Writing a Custom JAAS Login Module
I wrote a custom login module that integrates with Netegrity Siteminder authentication API
I want the login module to reads the user credential from the request header instead of getting
the user credential from the default login page.
I replace the default login module and added the necessary source to a plugin jar file as instructed
<!-- <login-module /> -->
<login-module />
I expect when I attempt to access the Teamcity server URL the login page would not popup but the
login module would read the request header instead. Unfortunately the login screen is display every time
and only after hitting the submit button does the SiteminderLoginModule module gets called.
My question is how can the login page be bypassed and all authentication occur from the SiteminderLoginModule?
If I type the following URL http://localhost:8081/TeamCity/ it always redirects to http://localhost:8081/TeamCity/login.html
which causes the login.jsp to be loaded. I need to bypass the login page and have the controller read the user Subject
created in the SiteminderLoginModule and redirect the user to the project page.
How can the login page be bypassed? Can a custom controller be written to read the user credential from the Subject created
in the login module? What is the best approach to resolve this issue?
Please sign in to leave a comment.
Paul,
This is not directlry possible, but there is a workaround.
This is not the first time we've been aproached with the question so I created the feature request on this and tried to describe the workaround in the comment to the issue.
Feel free to ask questions on the approach.
BTW, did you consider sharing your plugin with other users who might benefit from the integration with Netegrity Siteminder?
If you can make the plugin publicly available we will include a link to it in our plugins list.
Yegor I will share it with the forum although it only works on JBoss. JBoss is the only application server that provides an API that allows you to retrieve the HttpServletRequest object
from within a LoginModule. If you or anyone at JetBrains know of a cleaner way to retrieve the request object then please share that knowledge with me.
Paul,
Actually the plugin I attached to the issue gets HttpServletRequest in CustomLoginController.java
The entire thing is non-trivial and requires modification of login.jsp in TeamCity, but to improve it is the point of the isseu.
Yegor, I know you are getting the HttpServletRequest object in the CustomLoginController I need the HttpServletRequest
in the CustomLoginModule. Most LoginModules assumes user credential is retreived from a login in dialog or screen.
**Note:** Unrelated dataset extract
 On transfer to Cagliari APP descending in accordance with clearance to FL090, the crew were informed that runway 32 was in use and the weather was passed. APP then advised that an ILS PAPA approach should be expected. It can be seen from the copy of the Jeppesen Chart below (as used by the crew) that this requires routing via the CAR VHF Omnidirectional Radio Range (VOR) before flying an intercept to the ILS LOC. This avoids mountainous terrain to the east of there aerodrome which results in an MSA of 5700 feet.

In the case
of Siteminder the authentication is done by the time it redirects the request to the Teamcity application and the user credential is
in the request header so there is no need to show the login screen (dialog) since the authentication is already done.
My SiteminderLoginModule done get the user credential from the request header and populate the ServerPrinciple the problem is the
SiteminderLoginModule get called after the submit button is pressed on the login dialog screen. Ideally I don't want to show the login
screen at all I just need to call the controller that gets call when the submit button is pressed. Currently when the login screen pops up
I don't need to enter a username and password. All I do is hit the submit button and the SiteminderLoginModule takes care of the rest.
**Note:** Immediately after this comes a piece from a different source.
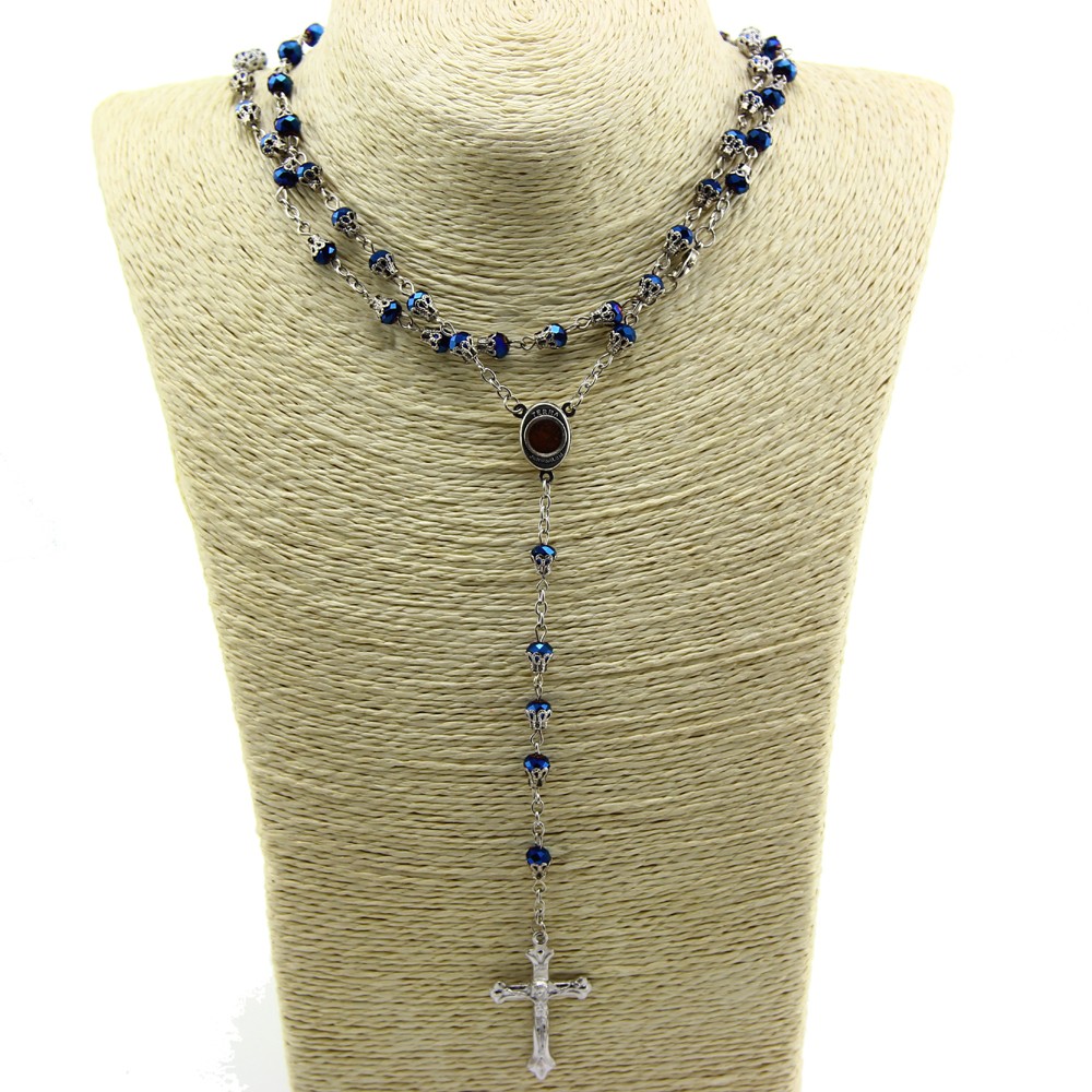 電商外貿(mào)產(chǎn)品8mm藍(lán)色水晶念珠十字架項(xiàng)鏈禮品批發(fā)

I suspect that I just need to modify login.jsp to do a submit on load but there is no <body> tag to add the some javascript code to the effect
onload="document.loginForm.submit();" which would give the effect of login without showing the login dialog.
In the SiteminderLoginModule the only way to get the HttpServletRequest object is to add the JBoss specific code snippet:
HttpServletRequest request = null;
try {
request = (HttpServletRequest) PolicyContext.getContext("javax.servlet.http.HttpServletRequest");
}
catch (PolicyContextException e) {
e.printStackTrace();
}
PolicyContext and PolicyContextException are JBoss specific classes and this is not a clean solution unless you are deploying Teamcity to
JBoss as my company is doing. While this isn't an issue for me JetBrains should find a clean way to make the HttpServletRequest object available to the
LoginModule so that the plugin would work on any application server that Teamcity can be deployed to.